╔══

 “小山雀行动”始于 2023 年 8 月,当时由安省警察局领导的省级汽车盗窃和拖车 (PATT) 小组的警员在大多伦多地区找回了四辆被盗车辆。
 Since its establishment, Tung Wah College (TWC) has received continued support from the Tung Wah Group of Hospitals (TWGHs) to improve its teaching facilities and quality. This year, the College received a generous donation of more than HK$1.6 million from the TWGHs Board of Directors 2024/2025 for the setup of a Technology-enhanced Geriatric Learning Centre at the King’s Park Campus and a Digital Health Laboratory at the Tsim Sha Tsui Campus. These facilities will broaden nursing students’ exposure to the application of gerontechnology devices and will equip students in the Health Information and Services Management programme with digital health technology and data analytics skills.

╚══
╔══

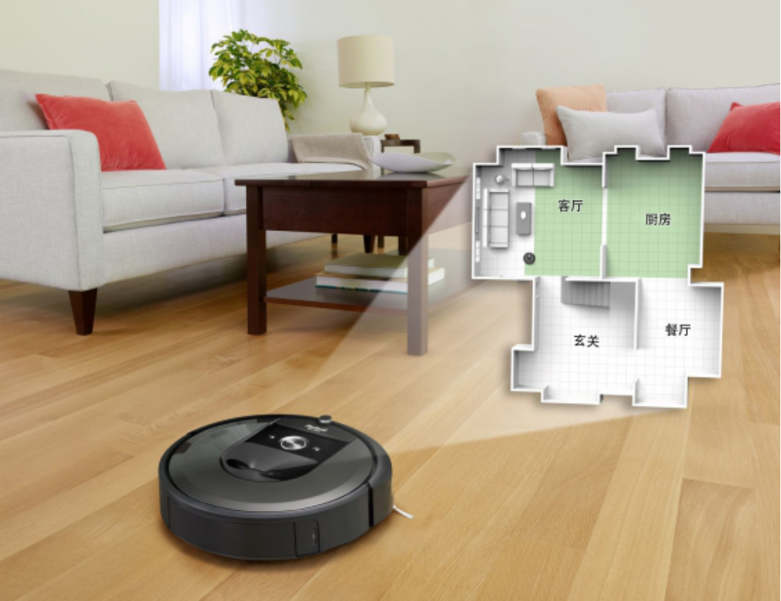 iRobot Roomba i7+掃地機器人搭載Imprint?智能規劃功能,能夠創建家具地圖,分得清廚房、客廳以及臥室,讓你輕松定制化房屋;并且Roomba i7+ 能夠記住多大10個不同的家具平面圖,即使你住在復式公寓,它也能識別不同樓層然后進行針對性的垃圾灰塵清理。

╚══
╔══

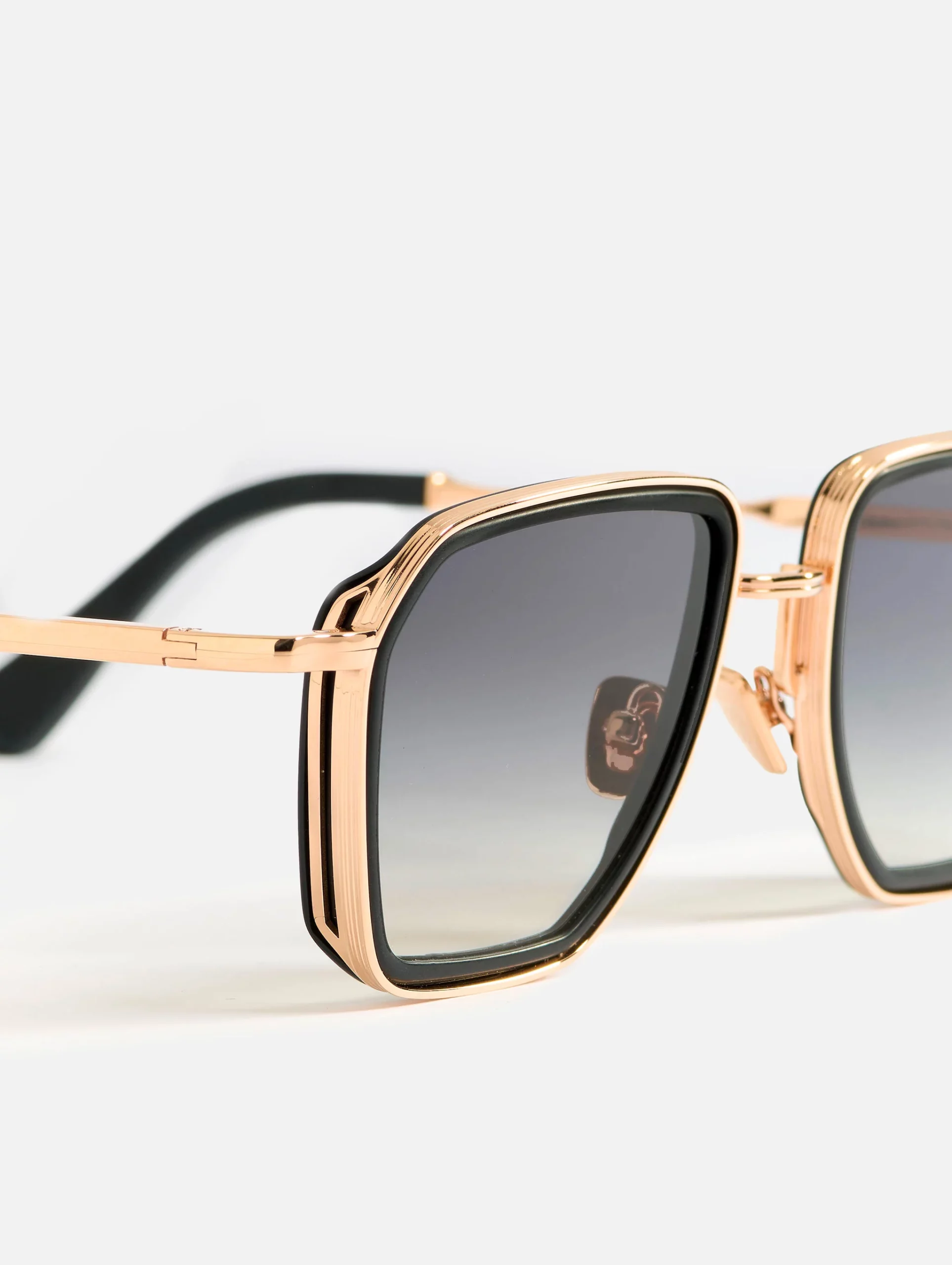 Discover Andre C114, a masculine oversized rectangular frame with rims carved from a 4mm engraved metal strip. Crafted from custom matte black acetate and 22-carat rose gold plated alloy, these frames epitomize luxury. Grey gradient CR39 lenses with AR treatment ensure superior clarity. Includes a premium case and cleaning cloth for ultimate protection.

╚══

_What to produce:_
Could you transcribe the entries above word for word, from the line with "月,当时由安省警察局领导的省级汽车盗窃和拖车 (PATT) 小组的警员在大多伦多地区找回了四辆被盗车辆。" down to the line with "Since its establishment, Tung", keeping both?

_Answer for this exercise:_
 “小山雀行动”始于 2023 年 8 月,当时由安省警察局领导的省级汽车盗窃和拖车 (PATT) 小组的警员在大多伦多地区找回了四辆被盗车辆。
 Since its establishment, Tung Wah College (TWC) has received continued support from the Tung Wah Group of Hospitals (TWGHs) to improve its teaching facilities and quality. This year, the College received a generous donation of more than HK$1.6 million from the TWGHs Board of Directors 2024/2025 for the setup of a Technology-enhanced Geriatric Learning Centre at the King’s Park Campus and a Digital Health Laboratory at the Tsim Sha Tsui Campus. These facilities will broaden nursing students’ exposure to the application of gerontechnology devices and will equip students in the Health Information and Services Management programme with digital health technology and data analytics skills.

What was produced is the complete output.